Mas ainda podemos citar as corajosas mulheres que aceitam acolher em seus ventres as crianças portadoras de variado prisma de limitações físicas, representados pelas diversas síndromes e deficiências, muitas vezes arcando sozinhas com os cuidados de uma vida inteira porque seus companheiros fugiram ao compromisso da paternidade.

Em nossas justas preocupações com as mulheres do Afeganistão, não devemos ignorar o que é nascer mulher no Brasil, longe de um grande centro urbano, em um ambiente carente de recursos materiais, numa família de negros, que ainda por cima adotam uma religião de raízes africanas. Quais são as chances de modificarem seus status? Quais são as chances de não se conformarem a condição de mulher submissa a um homem opressor, detentor de um poder que lhe foi atribuído pela sociedade? Sem a lupa da vida espiritual, tendemos a colaborar com a exclusão e a reproduzir o preconceito, pela limitação da visão de uma única vida.

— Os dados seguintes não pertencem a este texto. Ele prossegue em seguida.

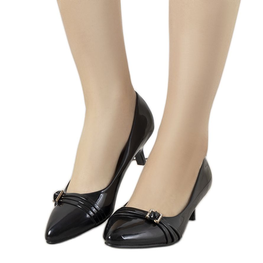 Die schwarzen Pumps mit niedrigem Absatz von Majora sind die perfekte Wahl für Frauen, die Wert auf Eleganz und Komfort legen. Diese klassischen Schuhe sind sorgfältig aus ökologischem Lackleder gefertigt, was ihnen einen außergewöhnlichen Glanz und ein stilvolles Aussehen verleiht. Eine zarte, mit Zirkonen verzierte Schnalle verleiht ihnen einen subtilen Charme und macht sie zu einer perfekten Ergänzung zu verschiedenen eleganten Stilen.
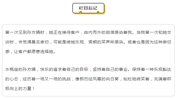 當(dāng)被問及到“如何提升業(yè)績”,孫方娟認(rèn)為需要感謝網(wǎng)銷與營銷人員前線的付出:聯(lián)系客戶、約客戶上門等事情,后期的接待結(jié)果不僅僅是個人的努力,更是整個團(tuán)隊(duì)合作的結(jié)果。
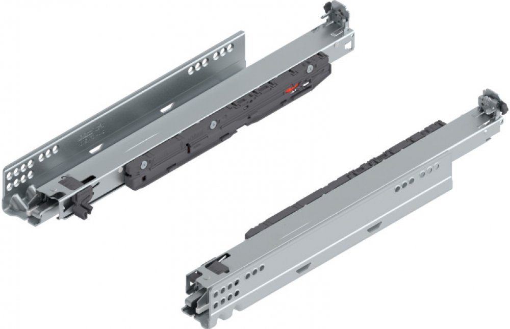 Integrovaná technologie Blumotion zajišťuje měkké a bezhlučné dovírání zásuvek, a to i při větší zátěži nebo rychlém zavření. Nosností 40 kg.
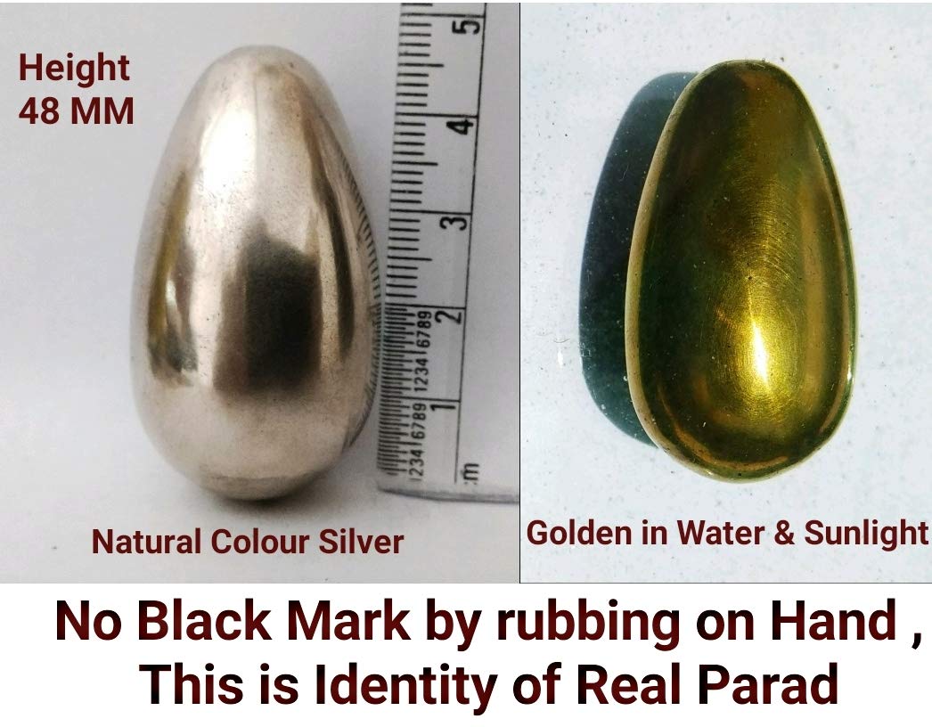 This Parad Shivling is made of 8 Sanskar performed Mercury as described in Ras Sastra Text Books like Ras Tirangini, Ras Ratan Samuchchaya, Rasender Sar sangrah, etc.Sanskars are the eight purification stages of Mercury by doing them Mercury becomes divine and free from Three doshas 1. Vish dosha -There is Poison in unpurified Mercury which is called as Vish Dosha . 2. Mal dosha - There maybe little quantity of zinc, Lead,Tin etc.in unpurified Mercury called as Mal Dosha . Because of this Mal Dosha Mercury leaves Black Mark On hand Or White Cloth. 3. Agni dosha- Mercury's evaporating Temperature is 357 Degree Celsius , Because of Agni Dosha Mercury evaporates below 357 degree Celsius. This is called as Agani Dosha By doing these eight sanskars Mercury free from all three Doshas and Soldified with Abharak,Swarn Makshik and Herbal Extracts. This is completely free from Zinc,Lead or Tin. Which are Described as Doshas of Parad in Ras Shastra Textbooks.Any Type of Blackness will not Appear by Rubbing This Parad Shivling on Cloth or your hand.Original Parad Shivling is free from Poison and all doshas. Original Parad Shivling also can be Tested By putting this in water under sunlight,within 45 min to 1 hour, Original Parad Shivling's Surface will Turn Golden. Parad is Supreme element of the Universe , This is the Element of Lord Shiva as written in Vedas, Puranas, and old ancient Text Books of India . This is also used in Ayurveda Medicines by famous Brands like Baidyanath, Dabur, Patanjali etc. By using as medicine Parad removes all types of deceases and by doing Puja of Parad in a solid form in the Shape of Shivlinga this gives Moksha (Salvation). Worshiping Parad Shivling gives freedom from the sins of many Previous lives . By establishing Parad Shivling in the house Lord Vishnu also becomes a Resident in that house because this is written in the Vedas and Puranas.Lord Vishnu and Lakshmi always resides in the place Where there is presence of Lord Shiva

A visão das vidas futuras, esclarecida pela justiça do mecanismo da reencarnação, o amor a Deus, que criou o universo e suas Leis, e a prática da caridade inspirada nos exemplos de Jesus, serão capazes de nos encorajar a encarar qualquer tipo de provação.

Sim, as mulheres do Afeganistão merecem nossa reverência, nossa saudação. Um Salve às mulheres afegãs. Salve às mulheres brasileiras, as negras, as pobres, as mães solteiras, as mães de filhos portadores de deficiências, as abnegadas voluntárias do bem e da caridade. Que possamos ajustar nossos olhares um pouco todos os dias e agir, agir para corrigir o que com certeza construímos no passar das existências.